● Work item:
Restate the lines of the material below word for word, from the first through the one containing "Chè trôi nước", and include nothing else; pictures stay out.
== Dataset section
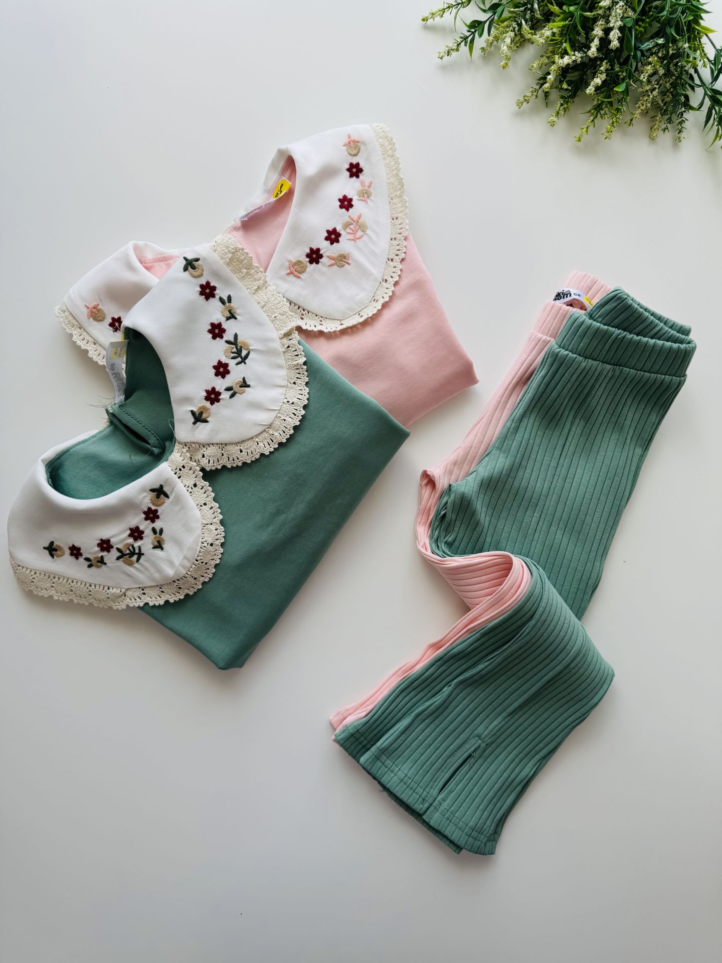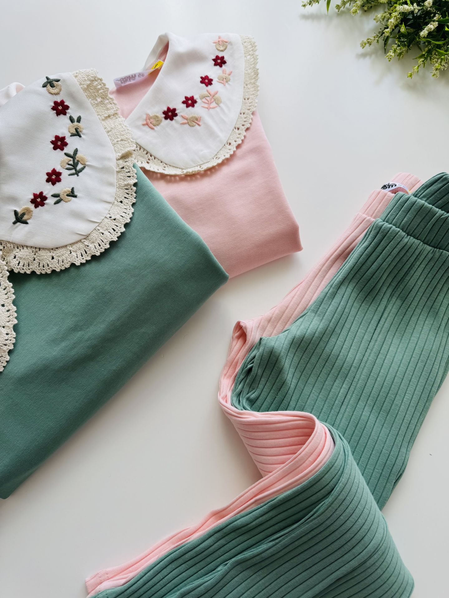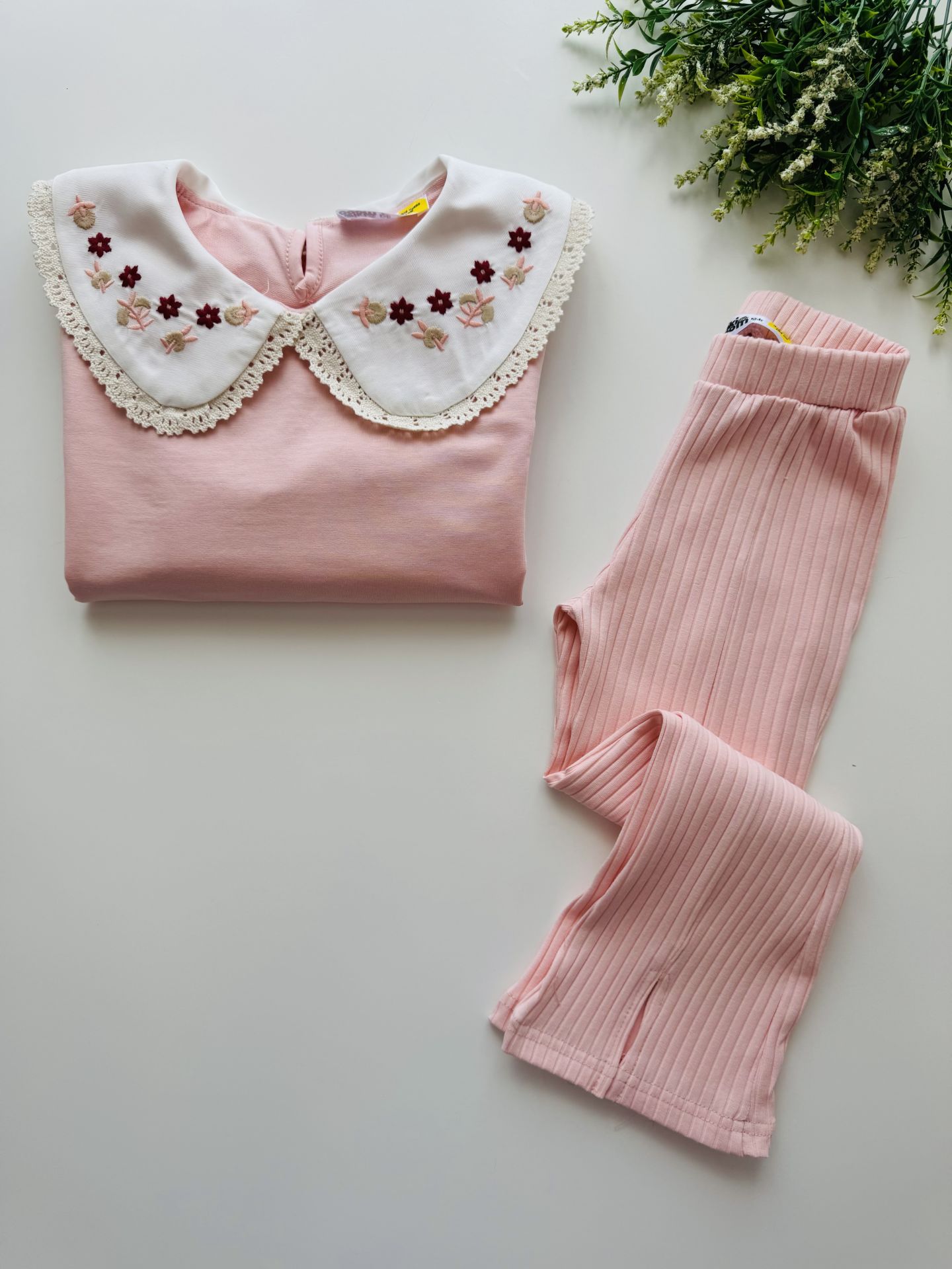 Mira Yaka Nakışlı Mevsimlik Takım - Pembe
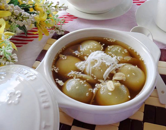 Chè trôi nước không chỉ là món chè truyền thống trong ngày 3/3 âm lịch, mà nó còn là món ăn được yêu thích vào ngày Tết Đoan ngọ. Từng viên chè tròn làm bằng bột nếp trắng, bên trong có nhân đậu xanh, ăn cùng với nước cốt dừa rất hấp dẫn.
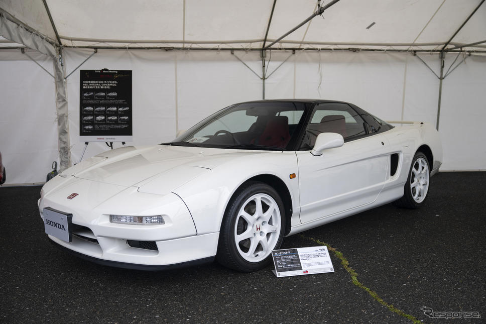その隣には、国内販売台数464台という激レアモデルのNSXタイプRが。新車当時、「NSX-R」という表記も使われたが、これこそタイプRの元祖だ。120kgもの軽量化と足回りの強化、バランス取りしたエンジンといったチューニング手法は、のちのタイプRの基礎を作ったといえる。展示車両は1996年型で、3.0リットルV6を積むNA1に、フロント16インチ/リア17インチのホイールを履く仕様。この貴重な2台をホンダコレクションホールから屋外へ持ち出し、手の届きそうな距離で見せるあたり、このイベントとタイプRファンに対するホンダの思いの強さが表れていた。
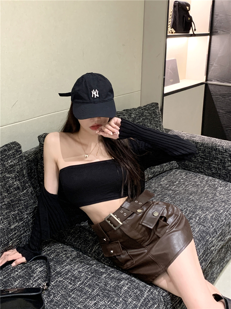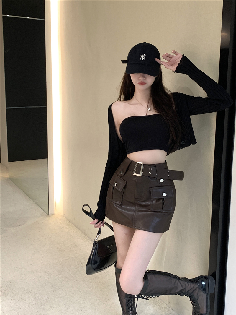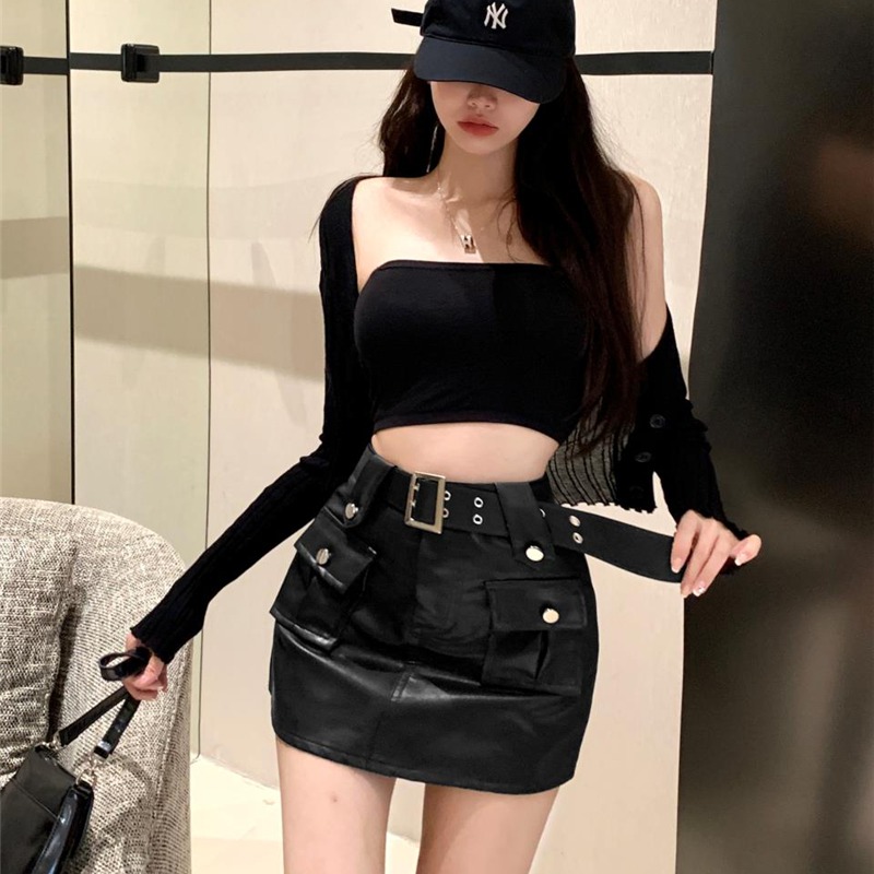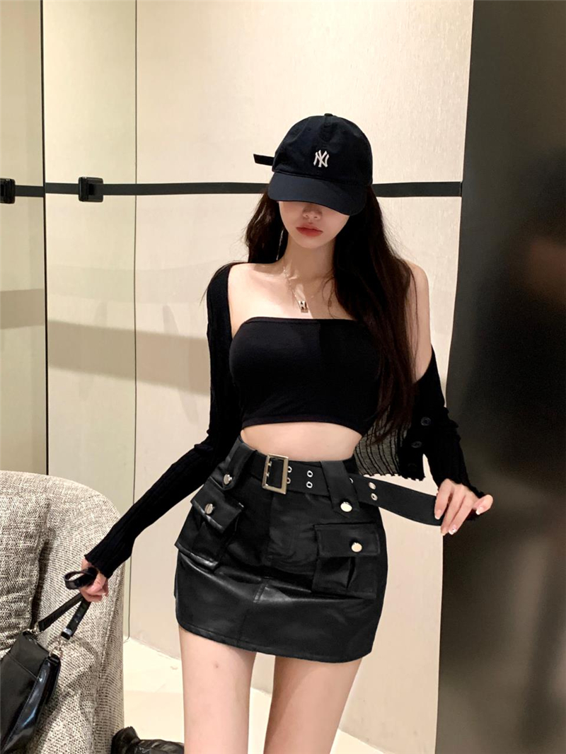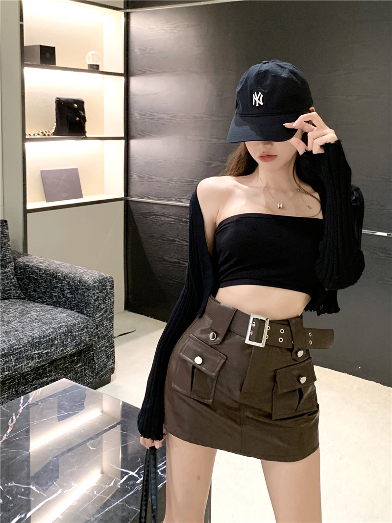 MY14080# 百搭洋气时尚气质辣妹工装风PU皮短裙A字裙半身裙女女裝貨源服裝批發
====
● Solved problem:
 Mira Yaka Nakışlı Mevsimlik Takım - Pembe
 Chè trôi nước không chỉ là món chè truyền thống trong ngày 3/3 âm lịch, mà nó còn là món ăn được yêu thích vào ngày Tết Đoan ngọ. Từng viên chè tròn làm bằng bột nếp trắng, bên trong có nhân đậu xanh, ăn cùng với nước cốt dừa rất hấp dẫn.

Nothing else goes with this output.